[Extracted records]
►

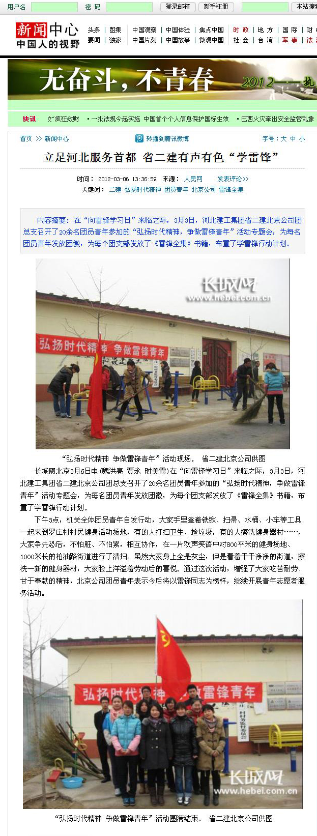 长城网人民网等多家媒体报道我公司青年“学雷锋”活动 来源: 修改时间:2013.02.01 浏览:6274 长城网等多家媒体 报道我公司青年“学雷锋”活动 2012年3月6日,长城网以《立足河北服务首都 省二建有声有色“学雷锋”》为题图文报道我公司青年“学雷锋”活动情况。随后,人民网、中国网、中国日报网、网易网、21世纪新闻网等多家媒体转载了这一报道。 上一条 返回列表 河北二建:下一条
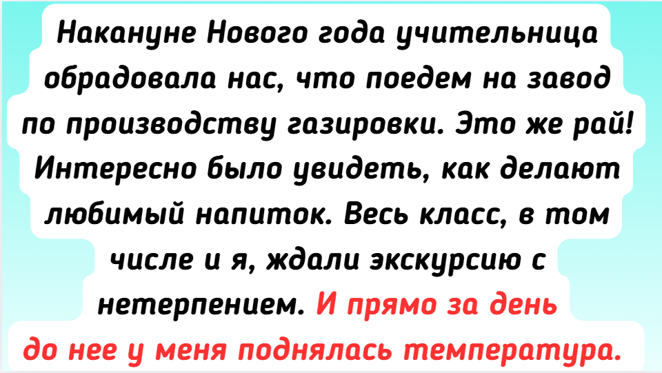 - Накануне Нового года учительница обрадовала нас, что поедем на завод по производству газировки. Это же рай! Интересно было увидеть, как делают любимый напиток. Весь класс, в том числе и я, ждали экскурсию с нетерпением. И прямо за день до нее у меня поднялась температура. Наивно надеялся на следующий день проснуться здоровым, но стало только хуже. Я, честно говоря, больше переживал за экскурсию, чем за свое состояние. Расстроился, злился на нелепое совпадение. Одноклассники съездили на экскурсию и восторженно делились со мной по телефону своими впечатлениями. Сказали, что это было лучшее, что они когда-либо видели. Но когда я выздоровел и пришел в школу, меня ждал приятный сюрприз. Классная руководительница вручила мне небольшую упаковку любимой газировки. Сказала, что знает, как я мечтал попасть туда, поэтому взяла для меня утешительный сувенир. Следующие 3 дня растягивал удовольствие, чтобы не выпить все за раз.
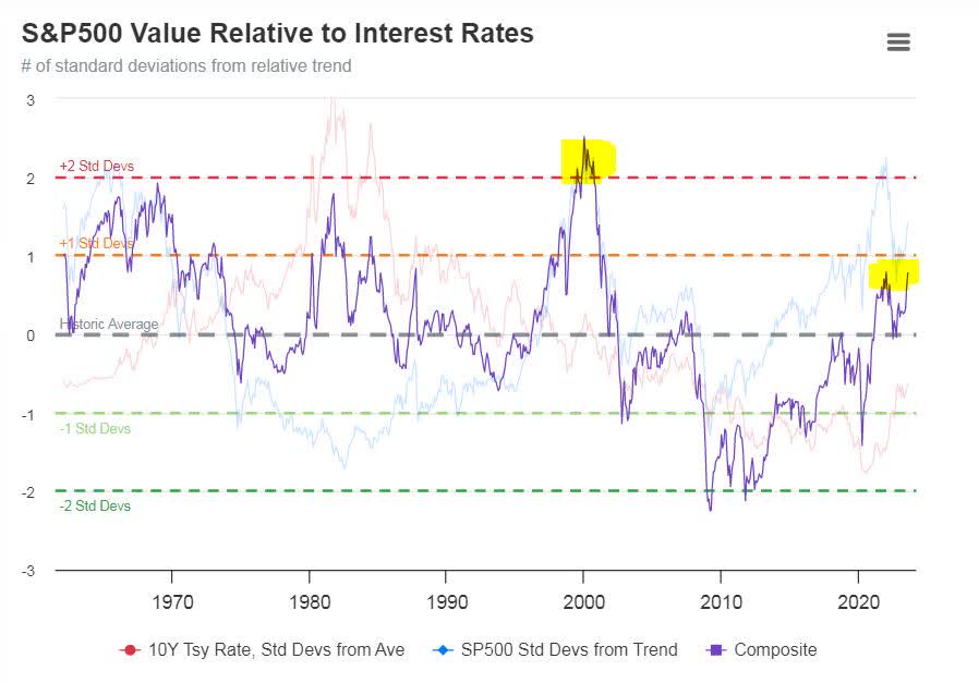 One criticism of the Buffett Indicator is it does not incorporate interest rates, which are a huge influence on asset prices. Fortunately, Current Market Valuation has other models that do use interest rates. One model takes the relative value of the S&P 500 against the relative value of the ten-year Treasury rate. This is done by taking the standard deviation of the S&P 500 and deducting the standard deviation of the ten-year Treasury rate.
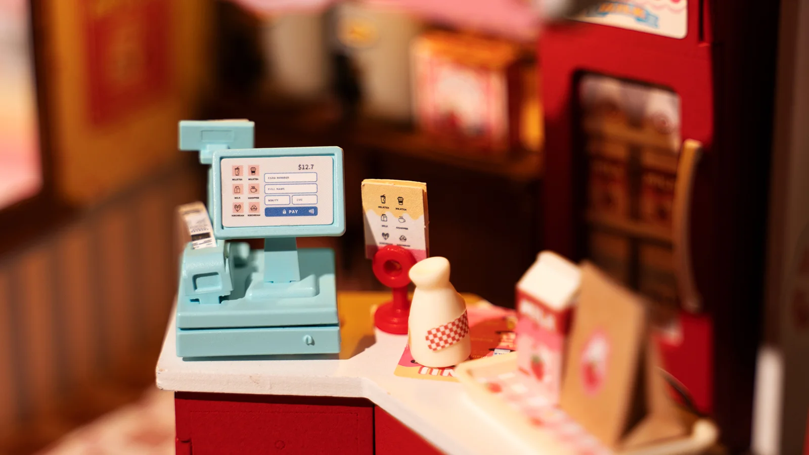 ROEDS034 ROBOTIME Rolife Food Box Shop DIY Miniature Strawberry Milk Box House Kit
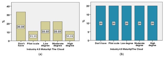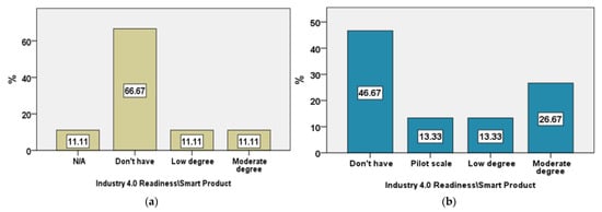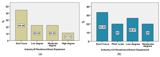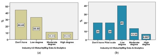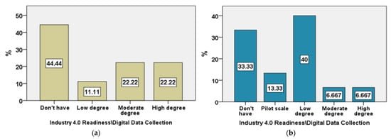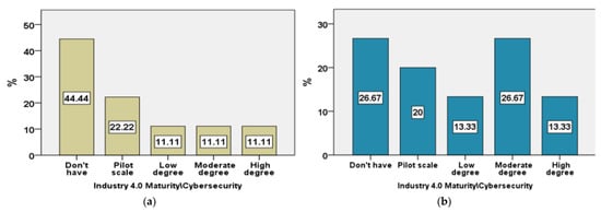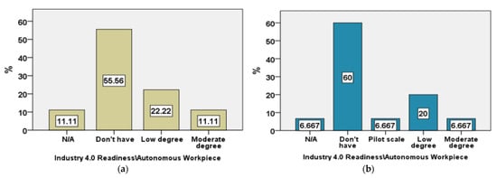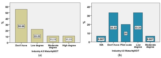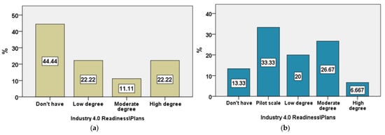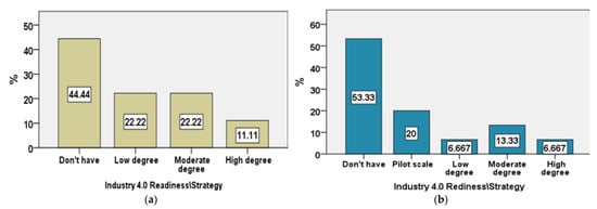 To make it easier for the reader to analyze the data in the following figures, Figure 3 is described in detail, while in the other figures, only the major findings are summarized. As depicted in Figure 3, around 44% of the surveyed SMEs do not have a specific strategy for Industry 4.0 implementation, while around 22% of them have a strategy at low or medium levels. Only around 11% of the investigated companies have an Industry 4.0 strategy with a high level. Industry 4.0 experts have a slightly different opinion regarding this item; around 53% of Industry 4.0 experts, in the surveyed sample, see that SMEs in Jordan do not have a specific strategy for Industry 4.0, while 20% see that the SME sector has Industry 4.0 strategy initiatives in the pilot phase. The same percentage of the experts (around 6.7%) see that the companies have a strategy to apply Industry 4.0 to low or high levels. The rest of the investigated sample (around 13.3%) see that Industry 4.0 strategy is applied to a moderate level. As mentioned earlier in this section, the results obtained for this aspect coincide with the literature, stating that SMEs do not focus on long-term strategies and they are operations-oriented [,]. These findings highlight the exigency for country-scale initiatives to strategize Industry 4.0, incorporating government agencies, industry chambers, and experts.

◄
►

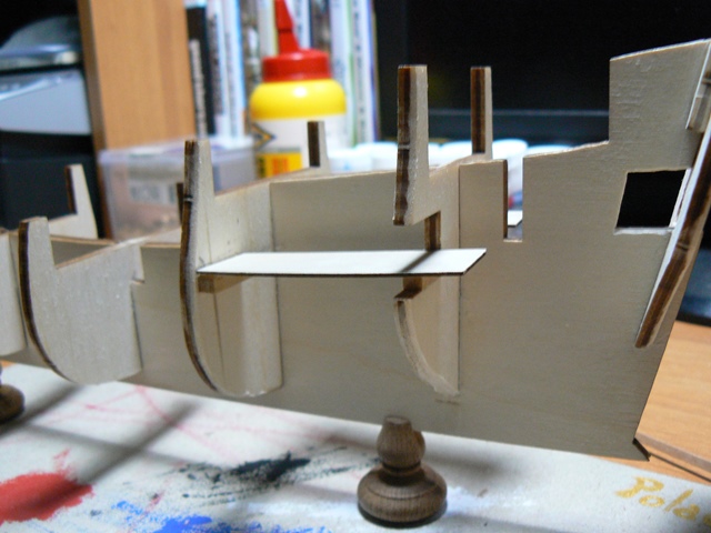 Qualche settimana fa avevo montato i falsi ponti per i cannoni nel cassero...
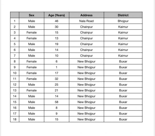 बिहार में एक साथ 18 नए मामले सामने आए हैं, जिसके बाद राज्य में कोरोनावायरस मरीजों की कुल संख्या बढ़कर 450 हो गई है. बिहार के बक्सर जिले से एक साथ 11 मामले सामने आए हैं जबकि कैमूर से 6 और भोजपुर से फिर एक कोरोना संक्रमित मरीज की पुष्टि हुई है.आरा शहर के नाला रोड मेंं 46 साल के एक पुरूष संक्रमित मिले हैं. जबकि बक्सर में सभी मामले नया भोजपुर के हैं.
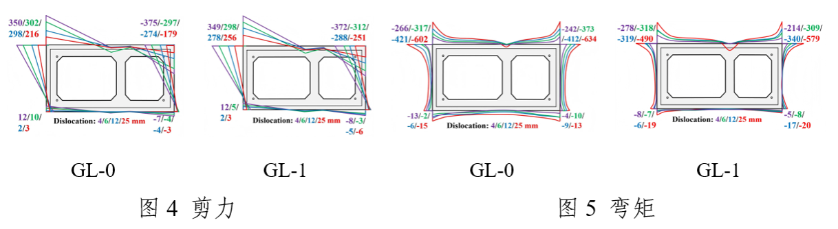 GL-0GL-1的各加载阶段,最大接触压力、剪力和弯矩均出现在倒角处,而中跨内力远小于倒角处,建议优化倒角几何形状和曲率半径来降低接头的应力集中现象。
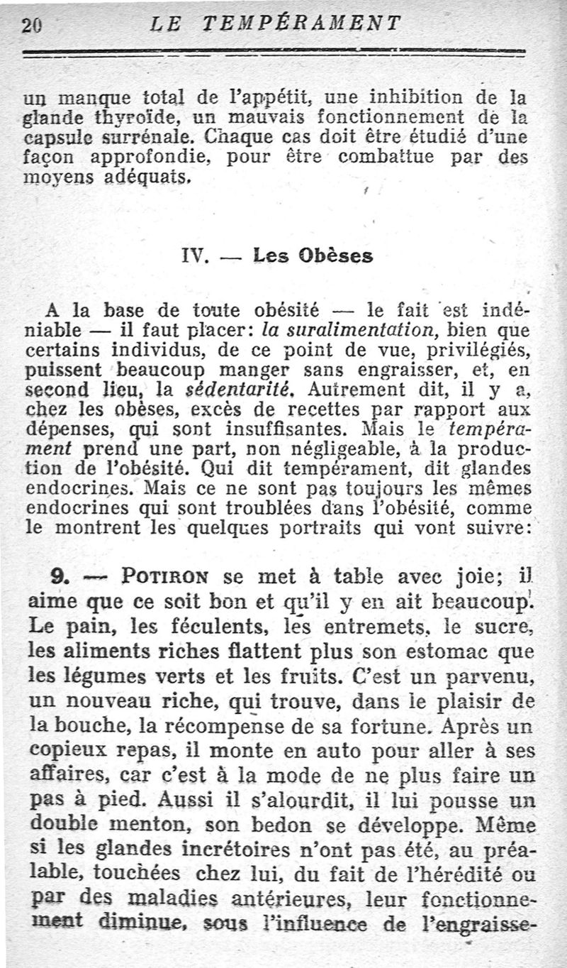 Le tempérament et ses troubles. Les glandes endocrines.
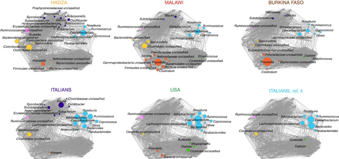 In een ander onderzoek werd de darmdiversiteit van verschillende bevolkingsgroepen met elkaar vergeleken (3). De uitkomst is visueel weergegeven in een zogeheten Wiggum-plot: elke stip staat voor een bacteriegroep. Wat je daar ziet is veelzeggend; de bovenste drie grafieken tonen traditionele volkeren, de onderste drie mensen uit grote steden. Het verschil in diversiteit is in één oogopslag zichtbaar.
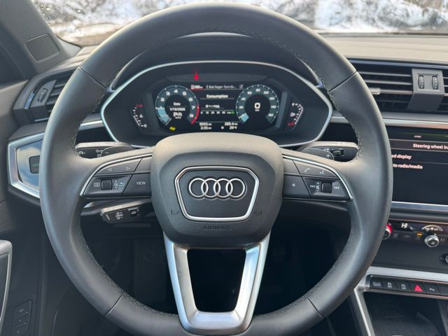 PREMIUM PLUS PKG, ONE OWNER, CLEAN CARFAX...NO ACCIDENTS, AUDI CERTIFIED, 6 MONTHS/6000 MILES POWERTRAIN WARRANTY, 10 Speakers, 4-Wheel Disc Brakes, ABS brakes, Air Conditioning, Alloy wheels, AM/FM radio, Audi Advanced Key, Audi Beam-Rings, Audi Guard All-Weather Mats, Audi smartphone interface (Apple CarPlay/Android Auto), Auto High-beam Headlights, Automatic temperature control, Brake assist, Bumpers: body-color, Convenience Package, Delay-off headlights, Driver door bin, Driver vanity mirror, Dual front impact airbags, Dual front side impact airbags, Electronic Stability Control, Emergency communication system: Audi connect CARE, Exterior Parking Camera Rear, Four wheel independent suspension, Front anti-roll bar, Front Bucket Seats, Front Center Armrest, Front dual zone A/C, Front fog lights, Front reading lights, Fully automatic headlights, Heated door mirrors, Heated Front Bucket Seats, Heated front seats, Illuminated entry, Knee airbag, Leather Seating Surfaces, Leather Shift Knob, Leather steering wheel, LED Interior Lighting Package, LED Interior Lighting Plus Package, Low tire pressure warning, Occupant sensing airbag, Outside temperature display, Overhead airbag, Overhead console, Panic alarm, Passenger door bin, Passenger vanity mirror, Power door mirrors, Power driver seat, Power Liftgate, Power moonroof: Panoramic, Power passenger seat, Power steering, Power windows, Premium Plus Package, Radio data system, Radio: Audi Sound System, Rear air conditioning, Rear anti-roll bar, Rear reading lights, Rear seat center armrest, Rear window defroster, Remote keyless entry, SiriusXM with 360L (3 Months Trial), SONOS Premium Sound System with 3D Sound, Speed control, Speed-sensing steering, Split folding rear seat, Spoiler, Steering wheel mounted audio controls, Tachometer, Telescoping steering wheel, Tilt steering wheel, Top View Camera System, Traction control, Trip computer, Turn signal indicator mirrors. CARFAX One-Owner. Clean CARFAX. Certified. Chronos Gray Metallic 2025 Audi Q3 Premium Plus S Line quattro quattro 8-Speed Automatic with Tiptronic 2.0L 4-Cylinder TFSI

◄

Exercise directions
Your reply should hold nothing but the lines above, from the one containing "Le tempérament et" to the one containing "In een ander", reproduced exactly minus the pictures.

Solution to this task
 Le tempérament et ses troubles. Les glandes endocrines.
 In een ander onderzoek werd de darmdiversiteit van verschillende bevolkingsgroepen met elkaar vergeleken (3). De uitkomst is visueel weergegeven in een zogeheten Wiggum-plot: elke stip staat voor een bacteriegroep. Wat je daar ziet is veelzeggend; de bovenste drie grafieken tonen traditionele volkeren, de onderste drie mensen uit grote steden. Het verschil in diversiteit is in één oogopslag zichtbaar.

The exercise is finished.